At first glance, eSight’s headsets look a lot like any other VR or AR gear out there. But while most virtual reality systems are built to make digital worlds more realistic, the eSight aims to do just the opposite, using augmented reality headsets and digital technology to help bring the real world to individuals who are legally blind.
The latest version, the eSight 3, is a lighter and cheaper version than the company’s previous models, but they all work on the same principles. Using a high-speed HD camera and two OLED displays, video is processed algorithmically to enhance contrast and quality, which allows users with vision issues to better see the world around them. It’s a fully portable device, with roughly six hours of battery life that’s controlled using an attached remote.

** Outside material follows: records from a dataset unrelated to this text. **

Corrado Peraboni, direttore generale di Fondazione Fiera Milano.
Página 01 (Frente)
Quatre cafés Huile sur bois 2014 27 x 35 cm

There are also some technical challenges that eSight had to consider when designing a device that’s designed to help replicate human vision. Low-latency is key, to ensure that the viewer is seeing the world in as close to real time as possible, as is maximizing peripheral vision so that users don’t get nauseous or lose balance. The eSight is also designed to automatically focus, allowing users to transition between nearsighted objects to long distance at ease, as well as offering the ability to manually zoom in on items.

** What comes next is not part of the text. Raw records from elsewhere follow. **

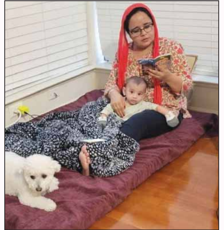
ਨੂੰਹ ਰਾਣੀ ਤਾਂ ਡਿਨਰ ਬਣਾਵੇ ਸੱਸ ਕਰਦੀ ਏ ਪਾਠ ਦਾਦੀ ਦੀ ਗੋਦੀ ਵਿਚ ਬੈਠਾ ਪੋਤਾ ਬਣ ਕੇ ਰਾਠ!
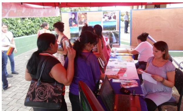
Se brindó información turística sobre El Salvador. Compatriotas aprovecharon para consultar sobre servicios consulares.
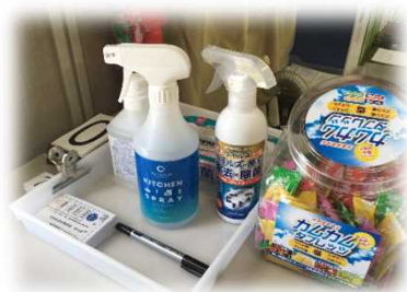
消毒を促すような掲示があると尚よいと思います!
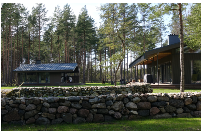
Illustratsioon 3 - Hoone Oina külas näide 3.

Asendiplaani, tehnovõrkude- ja rajatiste, teede, platside, logistika, haljastuse ja väikevormide lahendus peab olema esitatud nii plaaniliselt kui ka kõrguslikult ja seotult geodeetilise süsteemiga ning arvestama teiste samal maa-alal paiknevate objektidega. Selleks tuleb eelnevalt koostada geodeetiline alusplaan. Tiigi kohta esitada lisaks asendiplaanil kajastatud asendilisele paiknemisele piki- ja põiklõige tiigi mahu kirjeldamiseks. Elamu ja sauna arhitektuurne lahendus vastavalt projekteerimistingimuste taotluse juurde lisatud eskiislahendustele. Vt ill 2.
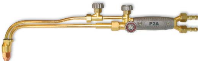
P2A-01-M, P2A-02-M, P2A-03M / ацетилен
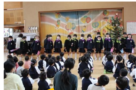
12/8 みどり保育園交流(1年) 成長した1年生の勇姿全開！
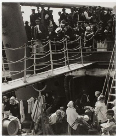
Slika 4. Alfred Stieglitz - The Steerage URL: https://bit.ly/3wVAFxx

Zahvaljujući Alfredu Stieglitzu, čiji je rad odjeknuo vrlo daleko te njegovoj fotografiji The Steerage iz 1907. godine, piktorializam se proširio Amerikom.
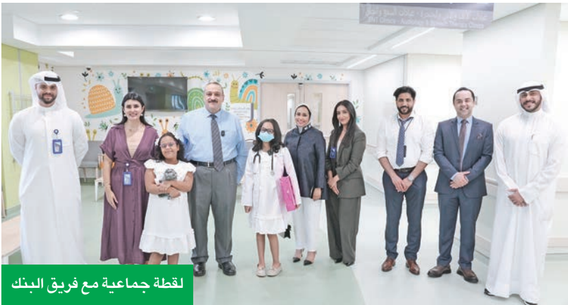
لقطة جماعية مع فريق البنك

مساهماته الدائمة والمتواصلة على كل المستويات، لاسيما خدمات الرعاية الصحية والأنشطة والمبادرات، التي يقدمها لتطوير المنظومة الصحية في مستشفى الوطني التخصصي للأطفال.

According to The Wall Street Journal, the company is taking advantages of recent improvements in technology from VR headsets and smartphones that have trickled down to improve the latest version of the eSight. So far, the company has sold roughly a thousand units, but at $10,000 apiece, they’re not cheap (and most insurances apparently don’t cover the product), although eSight’s chief executive Brian Mech notes to the WSJ that getting devices to users is “a battle we are starting to wage.”
The eSight obviously isn’t a device for everyone. But it’s nice to see that with all of today’s rapid technological advances that there are companies working to take leaps forward to help improve the lives of others.